Raiding Dridex’s Candy Jar
When I was a kid, my mom would give my brothers and me a weekly allowance to buy candy. It was about the equivalent of $2, and if used prudently was just about enough to buy an ice cream bar and a few gummy bears. Some weeks, I’d go for packets of gum. On others, chocolate coins and so on. But no matter what my loot was, I had to face the challenge of keeping it hidden from my thieving brothers.
Being the youngest brother, brute force and intimidation wasn’t an option, so I had to use stealth and clever tricks to keep my candy out of sight. Simple methods, such hiding it under the couch, were short lived, as my brothers had a keen nose for candy. I had to come up with more sophisticated hiding places, such as the bottom of a cereal box or beneath the vegetable tray, to overcome the rising challenge.
There were moments when I grew tired of this endless race, but nowadays I can fully appreciate it as the perfect preparation for my work as a malware researcher. The only difference is that now I’m the one looking for the candy that malware authors do their best to hide, encrypt and disguise.
That brings me to one interesting and familiar project: Dridex.
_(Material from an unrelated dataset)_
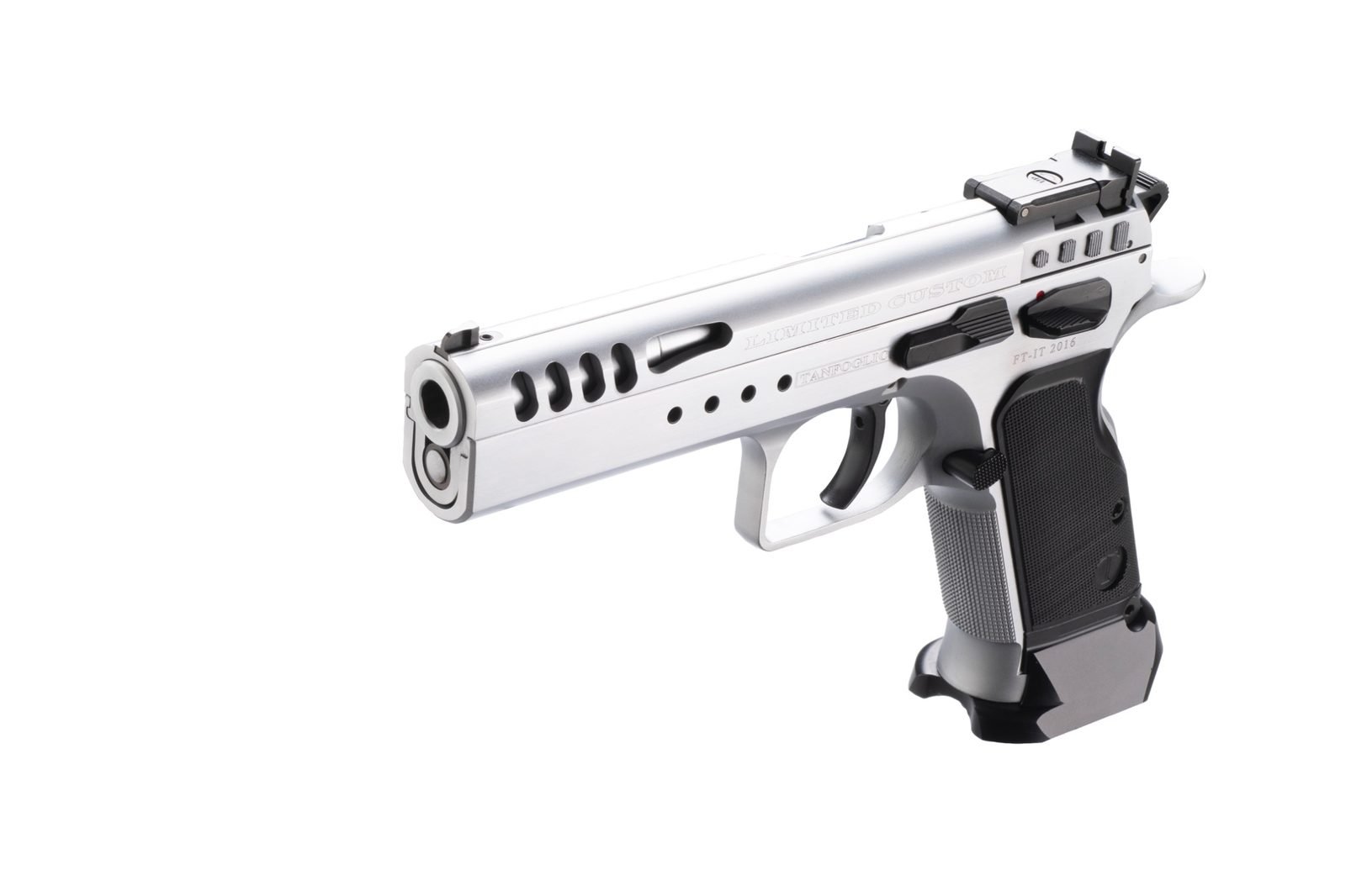 Diseñada para el alto rendimiento en IPSC Standard Division, la Tanfoglio Limited Custom es sinónimo de precisión, control y fiabilidad. Construida íntegramente en acero, con cañón cónico (bull) de 121 mm y disparo de simple acción (SA), ofrece una plataforma equilibrada, con alza micrométrica y magwell de fábrica para recargas veloces. Lista para competir desde el primer disparo.

This infamous banking Trojan plagues consumers and businesses all over the world, potentially grossing its cybergang billions of dollars a year.
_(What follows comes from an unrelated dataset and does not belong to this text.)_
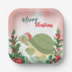 Cute Red Merry Christmas turtle Santa Xmas party Paper Plate

When it comes to hiding candy, Dridex goes to great lengths to hide some vital secrets regarding its malicious code — most notably the API calls and string constants it uses. Why are these such precious snacks? How are they being protected? How do we go about finding them? What’s changed in recent Dridex releases? Let’s have a look.
Part 1: Packed to Go, and Then Some
It is well-known in security circles that financial malware most often comes in packed form. The binary within these packages is encrypted, thus seemingly inaccessible. With some packers, unpacking can be a real challenge. With others, it’s a simple matter of commanding them to unpack themselves, then extracting the code from memory.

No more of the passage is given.